Pharmaceuticals and medical devices traditionally have different regulatory and evidence-generation pathways [35]. Given that various countries/agencies have separate HTA processes for the evaluation of medicines and medical devices, we could compare their methodological approaches to the consideration of surrogate endpoints [36]. The NICE technology appraisal is applicable to all medical technologies, whereas the NICE MTEP specifically considers medical devices and diagnostics. Similarly, in Australia, PBAC assesses pharmaceuticals and MSAC assesses medical devices. The PBAC and MSAC guidance on surrogate endpoints was similar, but we found more of a difference within NICE programmes. The NICE technology appraisal programme was much more detailed and directive in guidance than the MTEP, reflecting the traditionally greater evidence requirements for medicines than for devices. Whilst it might be expected that the evidence requirements for the use and validation of surrogate endpoints should not necessarily differ between health technologies and across disease areas, we recognise there may be challenges in application. For example, given the current regulatory requirements, for specific medical devices, randomised controlled trial (RCT) (and sometimes, non-RCT)-level evidence may not be available at the time of HTA appraisal and even after it [35, 37]. It is likely that the requirement of ‘several RCTs’ for good surrogate validation studies will never be satisfied for many indications requiring medical device-based procedures.

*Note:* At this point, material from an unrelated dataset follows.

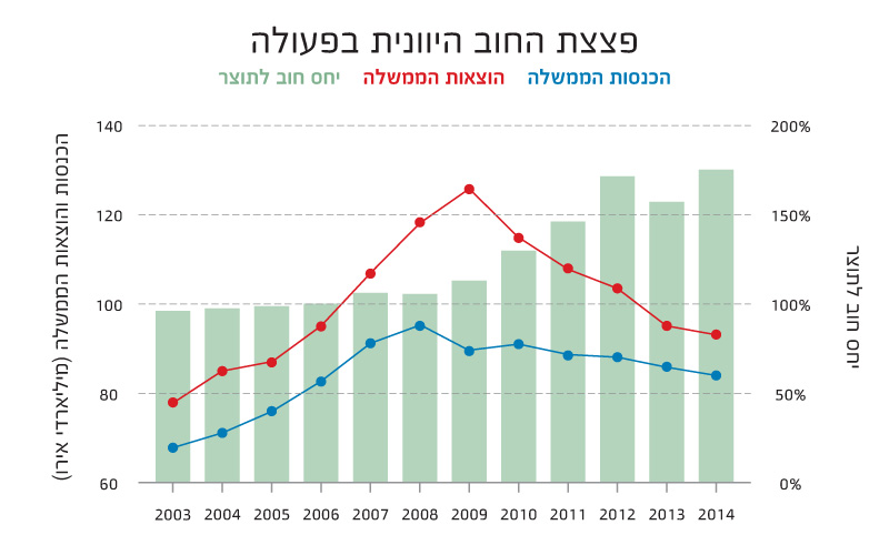 פצצת החוב היוונית בפעולה – ההכנסות ממסים צונחות, הוצאות הממשלה תופחות, ויחס החוב לתוצר יוצא מכלל שליטה.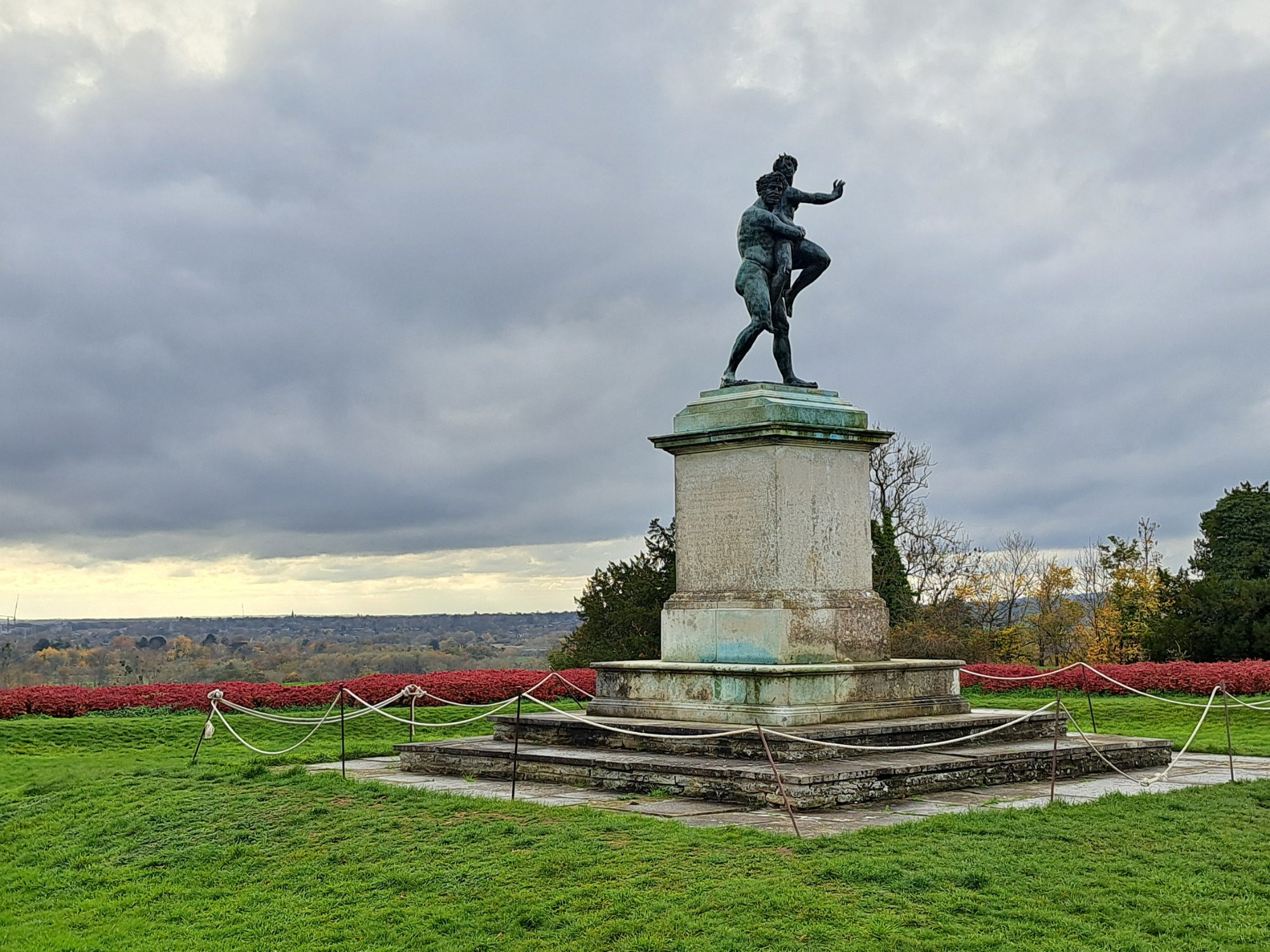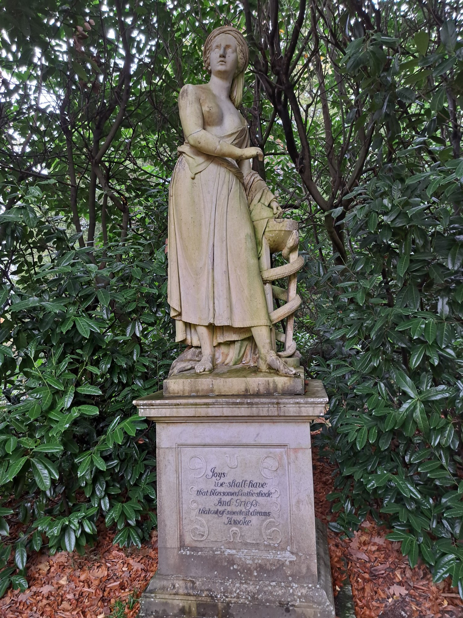 Blick über genau dieses Theater und die Gegend hinter River Thames: Dort, im nördlichsten Eckchen des Garten stand diese Dame: Mit Spruch im Podest:

When confronted with this challenge, there is a temptation to extrapolate validated surrogate endpoints from RCTs of medicines (e.g. the use of systolic blood pressure from RCTs of antihypertensive medicines) to medical-device-based therapies (e.g. renal denervation therapy). However, we caution against this approach, given that different modes of action and classes of therapies are known to affect the surrogate-to-final-outcome relationship.

Our study provides a comprehensive contemporary review of methods guidance across international HTA agencies on the use of surrogate endpoints. We explored a larger sample of agencies and documents than did the previous survey [17]. However, available resources (particularly time and linguistic access) limited the inclusion of non-European agencies to those of Australia and Canada. Furthermore, this survey only looked at publicly available documents and not at internal documentation that may be circulated within HTA agencies. As described in Sect. 2, methodological advisory documents [27, 30] were also considered, as—in our opinion—they constitute important material to inform and complement methods practice.

5 Conclusion

This updated survey of international HTA agencies demonstrates an increase in the methodological guidance for the use of surrogate endpoints over the last decade, largely based on the adoption of EUnetHTA guidance on surrogates published in 2015. Nevertheless, we found considerable differences in the depth of this guidance, with only a few agencies currently having guidelines that provide detailed methodological advice on the statistical methods and metrics for surrogate validation that are deemed acceptable. Further methodological and policy research in the harmonization of approaches to surrogate outcomes evidence in healthcare decision making is warranted. The recent EU proposal of joint HTA clinical assessment [38] may provide the opportunity for implementation of a harmonised approach to the validation of the handling of surrogate endpoints across Europe. Our study also suggests an almost exclusive consideration of surrogate endpoints from a clinical efficacy/effectiveness perspective. Opportunities therefore remain to further clarify the effective and consistent use of surrogate endpoints in other HTA domains, especially safety and cost effectiveness.